Further, the bill would establish time limits on permitting decisions. Agencies must issue decisions on permits for transportation projects within 180 days of the application or the final NEPA decision on the project, whichever is later.
The conference report makes strategic investments to attract private sector resources. Specifically, the bill will increase funding for the Transportation Infrastructure Finance and Innovation Act (TIFIA) program from $122 million per year to $750 million in FY 2013 and $1 billion in FY 2014. Additionally, the agreement would increase the maximum potential TIFIA share of total project costs from 33 percent to 49 percent. The financial leverage reflected in TIFIA’s statutory formula demonstrates that $1 billion in federal credit assistance would now have the potential to support more than $20 billion in project activity. This outcome, however, would require full utilization of the program’s capacity.
The Conference Report would also adopt a proposal contained in the Senate-passed legislation that would allow a group of related transportation improvements to apply together as a unified program for TIFIA assistance rather than limiting credit assistance to individual projects. This change will enable state and local governments to potentially use a revenue-generating infrastructure project, such as a popular toll road, to finance other improvements that cannot feasibly generate its own revenues.

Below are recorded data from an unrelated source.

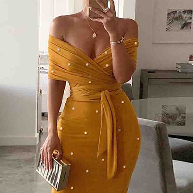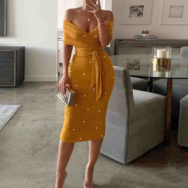Gender: Women Item Type: Dress Material: Polyester Color: Pink, Yellow Size: S, M, L, XL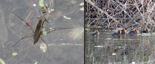 Photos : les insectes aquatiques, comme ce Gerris à gauche, sont de retour à la surface des étangs. À droite, une première nichée de foulques a été aperçue début avril. |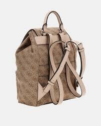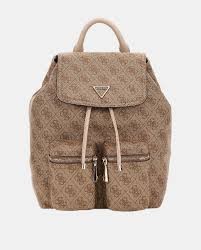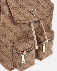 Mochila modelo Manhattan II con estampado logotipo 4g, solapa con cierre imantado, logotipo triángulo metálico central en tono dorado y dos compartimientos frontales con cierre imantado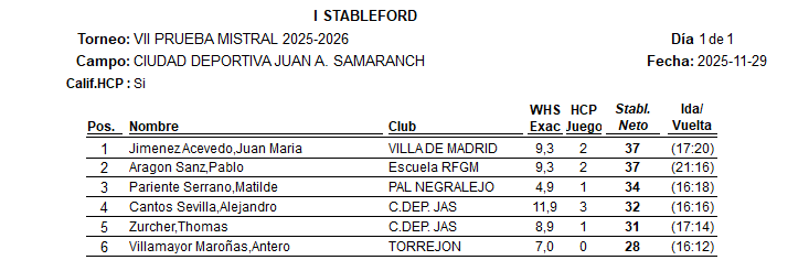 RESULTADOS COPA MISTRAL 29.11.25 STABLEFORD III RESULTADOS COPA MISTRAL 29.11.25 STABLEFORD III Por edicion|2025-12-01T13:11:15+00:00diciembre 1st, 2025| Más información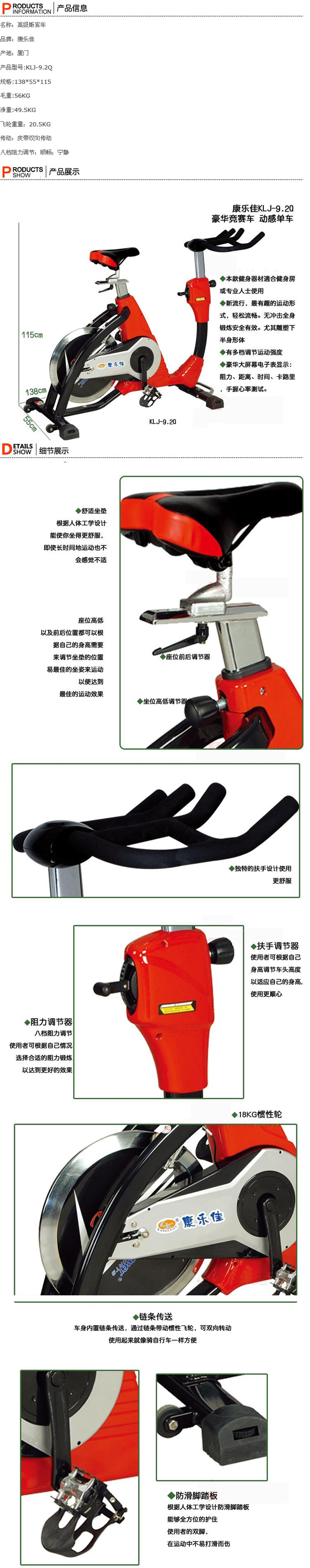 康樂佳KLJ-9.2Q商用豪華動感單車 競賽車

Finally, the agreement would expand the ability of states to use tolls on federal-aid highway capacity projects. However, the number of toll-free lanes must at least remain the same as before construction.

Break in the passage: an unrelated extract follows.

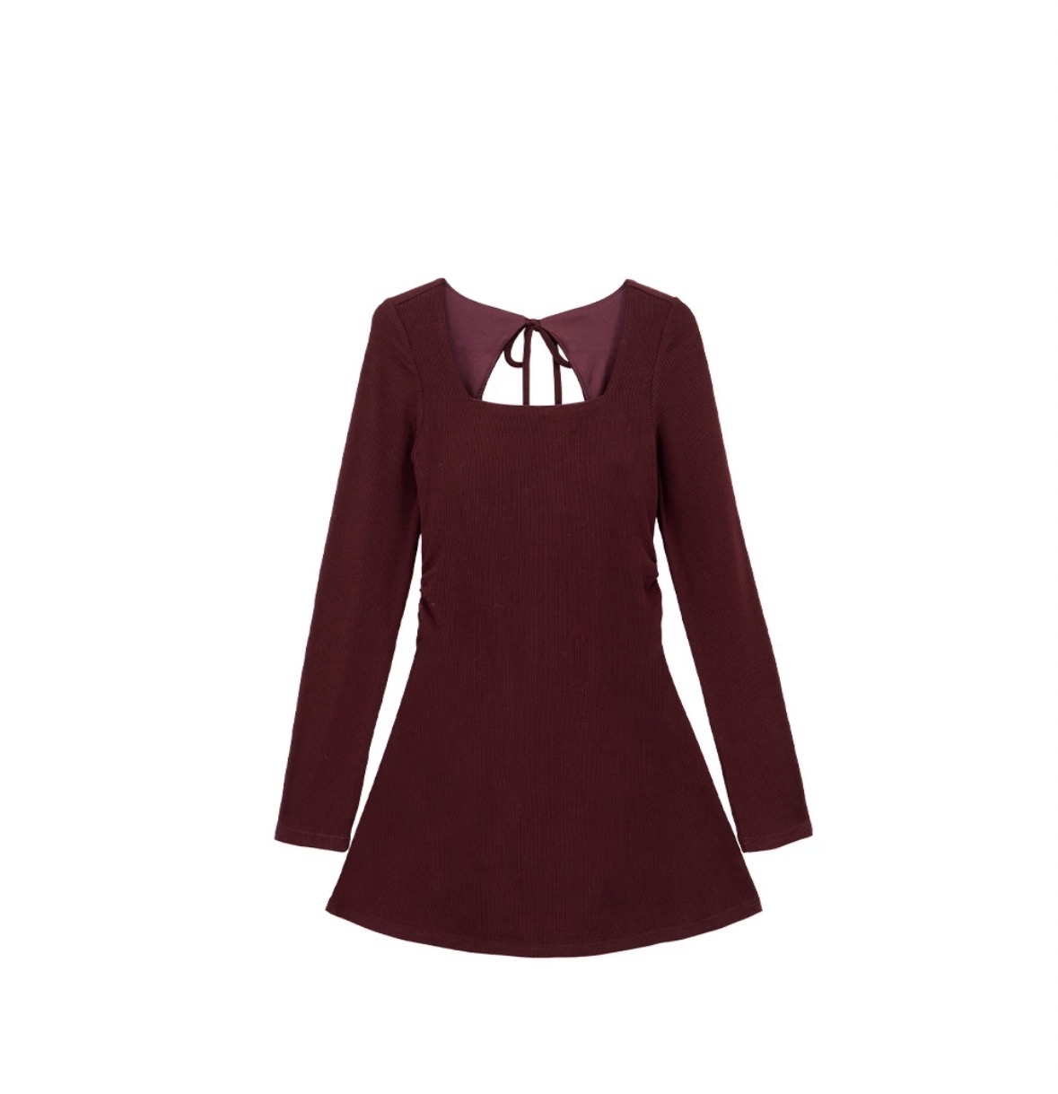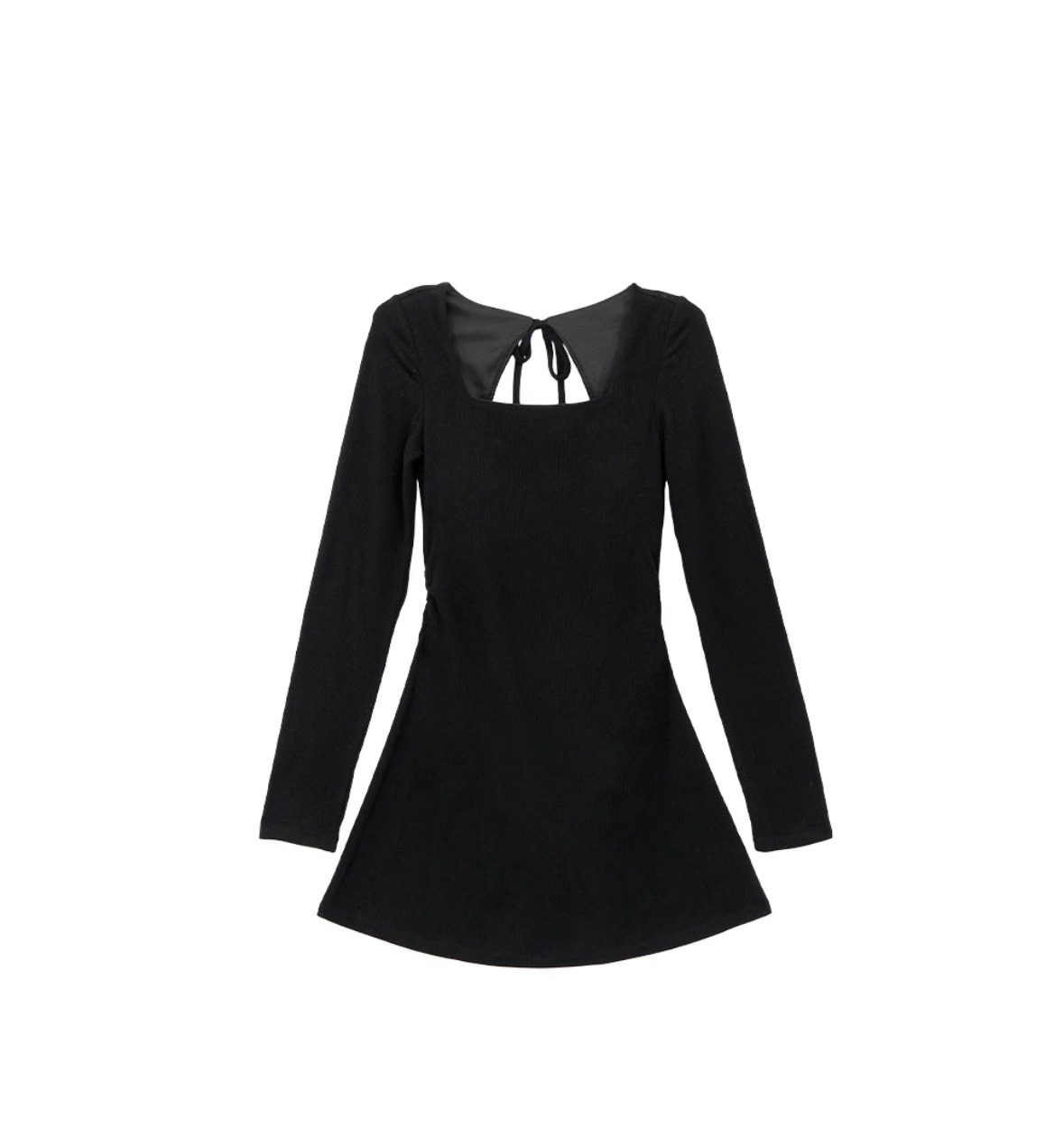 This square-neck velour dress features a soft, skin-friendly texture with side ruching to sculpt the waist, complemented by a back cut-out and tie detail for a refined, feminine look. The square neckline highlights the collarbone, while the built-in bra provides secure support and confidence, making it a versatile choice for dates or casual outings.

The three amendments successfully added by retiring Senator Jeff Bingaman (D-N.M.) to the earlier, Senate-passed MAP-21 are not included in the final conference report. Those provisions would have prohibited the use of Private Activity Bonds on leases of existing highway assets, lengthened the depreciation schedule for leases of existing highway assets, and penalized states with reductions in federal formula funds if they leased existing highway assets to the private sector. ARTBA strongly opposed the Bingaman provisions throughout the reauthorization process.
Other Policy Provisions:
- The conference report removes the ban on using Congestion Mitigation Air Quality (CMAQ) Program funds on projects which would add new capacity for single occupancy vehicles;
- Requires annual report in a user-friendly format on the Internet with information on all projects for which federal funds were obligated, as recommended by ARTBA;
- Establishes Transportation Alternatives program that would dedicate two percent of the amounts provided to states by formula for activities including bike and pedestrian trails, safe routes for children and individuals with disabilities, abandoned rail conversions, community improvement activities and environmental mitigation activities. According to Capitol Hill sources, the two percent threshold represents a $300 million reduction from what these activities received annually under SAFETEA-LU;
- Includes requirements for the development of updated national bridge and tunnel inspection standards, including penalties for states that remain non-compliant, and a training program for bridge and tunnel inspectors.

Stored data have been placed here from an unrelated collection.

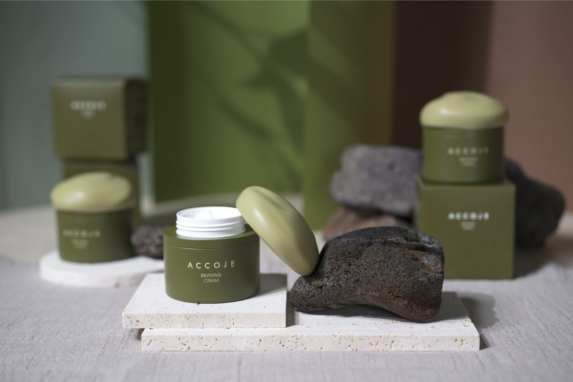 アッコジェの人気の一つであるアッコジェのパッケージは、 綺麗で純粋な自然が現れ、珍しいデザインの蓋は風に削られて自然に屈曲されたチェジュの火山島の形を形象化しました。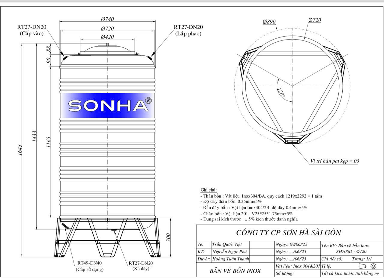 Bảng vẽ chi tiết bồn nước inox 700L Sơn Hà đứng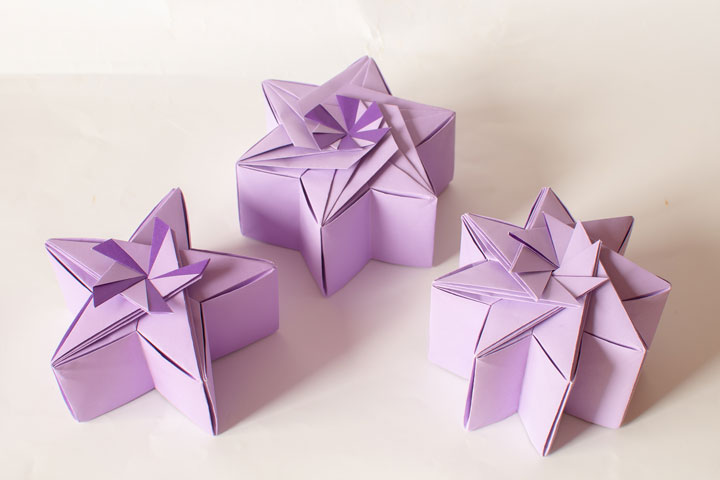 More variations with different point counts and spacing are possible. The twist fold pleats narrow as the point count increases or the point spacing decreases. The ones I tried have fewer points and are thus quicker to fold. When folding this model, avoid unnecessary creases as much as possible - especially on the bottom, since extraneous creases weaken the rigidity of the box. A clean twist fold collapse is also ideal.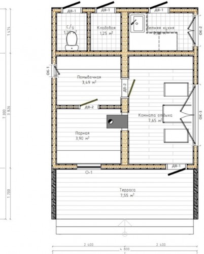 • Общая площадь 34 м2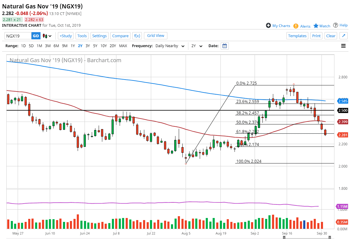 Natural gas markets have fallen a bit during the trading session on Tuesday, slicing through the $2.30 level. This is also where we had seen the 61.8% Fibonacci retracement level. At this point, the market should eventually see buyers, but based upon the candlestick that we have printed for the Tuesday session, it’s very unlikely that we are quite ready to turn around and go higher. That being said though, I think there is a lot of support underneath, and it’s likely that the market will eventually find it. However, as this is a major shift in sentiment and of course a major shift for me, I believe in waiting for a daily signal to start buying.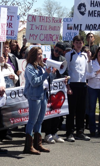 Sole Garcia addressing the April 30, 2017 rally in front of the Denver Archdiocese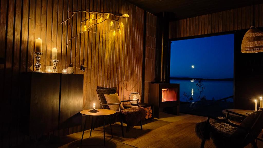 What truly sets Arctic Aurora Hideaway apart is its unique location by the lake. From your window or terrace, you can enjoy uninterrupted views across Norvajärvi toward the northern horizon. In winter, this becomes a front-row seat to one of nature’s most spectacular phenomena – the Northern Lights dancing across the sky. In summer, the same horizon glows under the enchanting Midnight Sun, bathing the landscape in soft, endless light.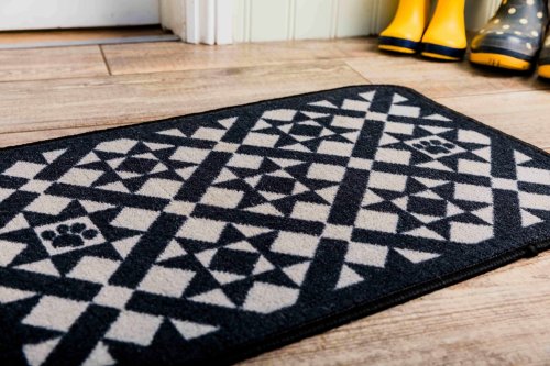 Neotřelý design těchto koberečků ukáže všem návštěvníkům, že se v domácnosti nachází rodinný mazlíček, o kterého se příkladně staráte, a přitom myslíte i na ochranu Vaší podlahy. Vhodný je samozřejmě i pro kočky :)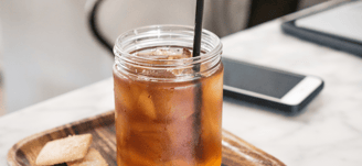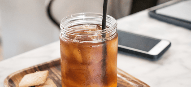 Cold-brew ice tea with garden herbs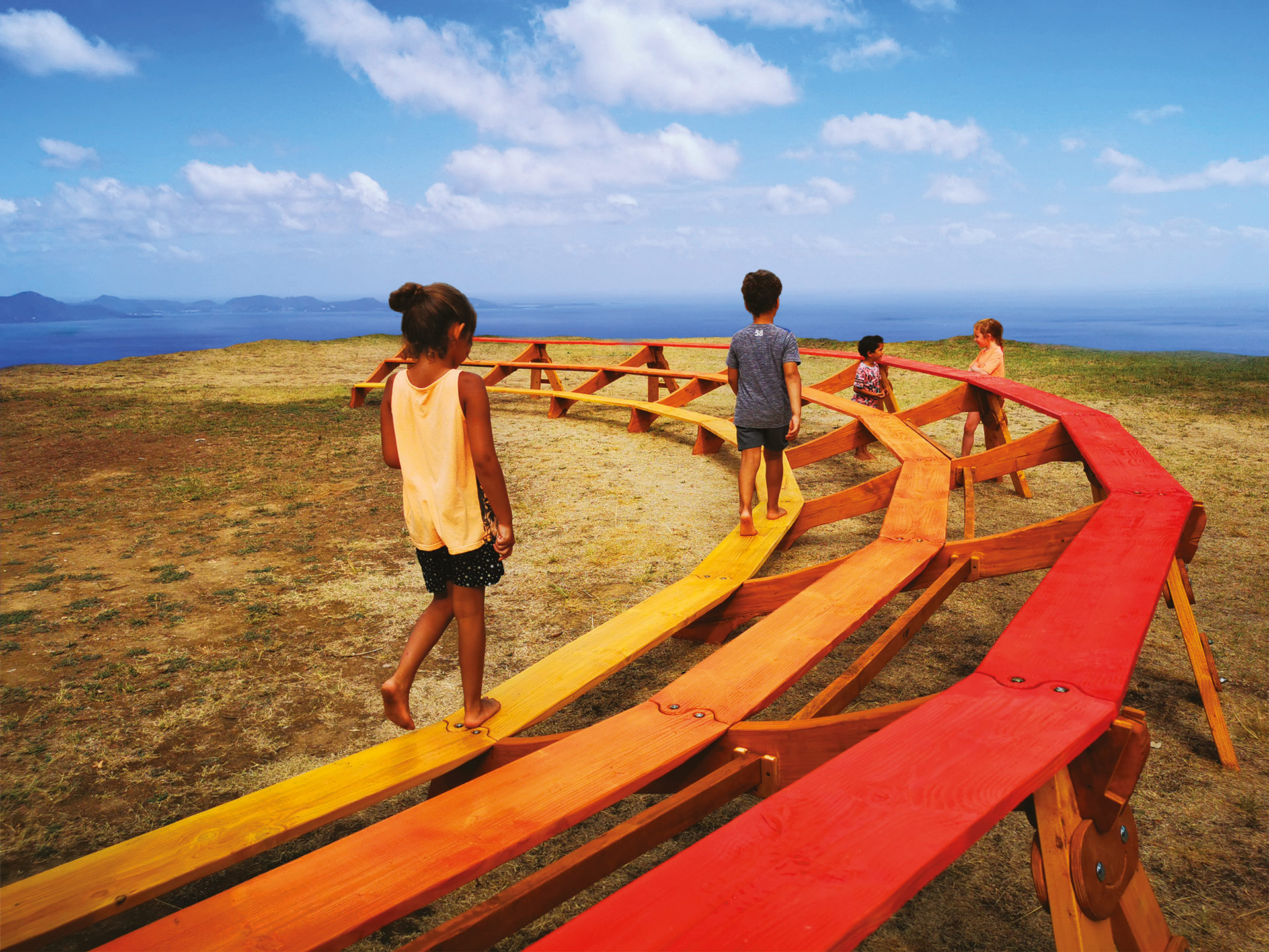 All the elements can be fitted to close the circle, increasing capacity to 360 people (one person per step).

ARTBA will be producing a more detailed analysis of the new surface transportation law in the coming weeks. At this point, however, we are working with our industry allies to ensure the broadest possible vote in support of MAP-21 in both the House and Senate. The ARTBA co-chaired Transportation Construction Coalition (TCC) wrote to all members of Congress today urging support of the conference report. The TCC is also running print ads in several Capitol Hill publications tomorrow supporting the bill.
We will continue to keep you apprised of further developments.
1 There is no provision establishing an overall obligation ceiling for the public transportation program for FY 2013 and FY 2014.
2 Since the amount of funds to be apportioned is significantly larger than HTF tax revenues, this provision will likely affect only a small number of states, if any.